Research uptake includes all the activities that facilitate and contribute to the use of research evidence by policy-makers, practitioners and other development actors.

Research funded by NWO-WOTRO serves specific developmental goals, for which call specific objectives, requirements and conditions are formulated. Further to call specificities, applicants are requested to draw up a knowledge sharing and research uptake strategy. Such a strategy concerns the planning of activities that enhance the use of research for social and practical innovation in policy and practice. As innovation in private, civil society and governmental sectors is basically a continuous and iterative process, the strategy for research uptake needs to be flexible and adaptable.

Research uptake activities aim to:

  • support the supply of research to users by ensuring research questions are relevant through engagement with these users, communicating research effectively and synthesising and repackaging research for different audiences;
  • support the usage of research by strengthening commitment and capacity of research users to access, evaluate, synthesise and use research evidence;
  • learn and use feedback for revising the uptake strategy and research design.

Research users may include members of local communities, civil society and private, public or practice sectors, as well as intermediary organisations such as the knowledge platforms. They are willing to benefit from the research results, have the incentives and skills to use and apply research findings, serve as broker for outscaling and upscaling of research and have the ability to provide for feedback.

Research uptake strategy

Applicants are asked to elaborate strategies to share knowledge and enhance uptake of research by integrating four complementary and interrelated sets of activities:

  • Context analysis and stakeholder engagement: early engagement and investing in building relationships with relevant stakeholders
  • Knowledge sharing and communication: knowledge sharing and communication are central to enhancing the availability, relevance and accessibility of research
  • Assessing and strengthening research uptake capacities: this concerns both internal capacities (consortium/team) as well as the capacities of stakeholders
  • Monitoring, learning & evaluation: project teams are expected to integrate research uptake objectives and expected results as outcomes and outputs in the Impact Pathways (and Theory of Change)

Context analysis and stakeholder engagement

Early engagement and investing in building relationships with relevant stakeholders before, during and after the lifetime of the project is key to enhance the usage of research and thus the potential impact of a project. The process starts with mapping out the context, policy processes and identification of key stakeholders. The mapping should be followed by (further) seeking alignment to stakeholder demands, mutually agreement on engagement strategies and jointly (re)defining desired social change processes.

Knowledge sharing and communication

Knowledge sharing and communication are central to enhancing the availability, relevance and accessibility of research. Research communication is based upon high quality research and it is a two-sided process.

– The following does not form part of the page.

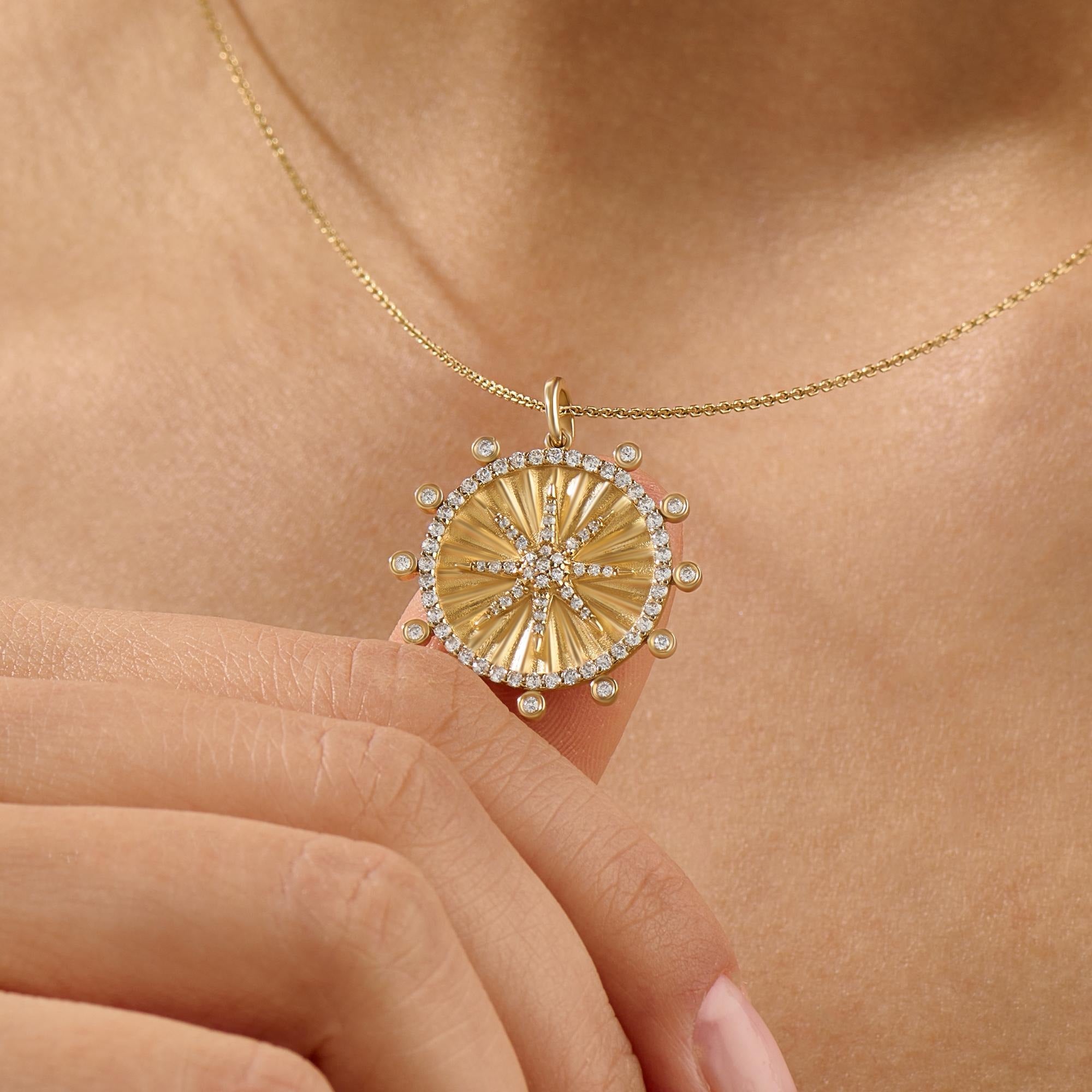 14K Gold Fluted Sunburst Cross Medallion Charm Pendant

It asks to understand your audience, prioritise and target messages and use appropriate means for communication and learn and use feedback for adapting the research design and uptake strategies.

Assessing and strengthening research uptake capacities

This concerns both internal capacities (consortium/team) as well as the capacities of stakeholders. Internal capacity for research uptake includes the knowledge, skills, time and attitudes needed to access, use, create, translate and communicate research information. External capacity for research uptake includes the knowledge, skills, time and attitudes needed to understand and use research information.

Monitoring, learning and evaluation

Project teams are expected to integrate research uptake objectives and expected results as outcomes and outputs in the Impact Pathways (and Theory of Change), and to revisit and revise these according to early research results and emerging insights, shifts in knowledge needs and lessons learned from uptake activities. Impact Pathways and RU strategies are thus dynamic and are to be used as a tool for monitoring and learning. Data gathering on indicators for uptake and impact of research is important and should be included to properly monitor output and outcome targets.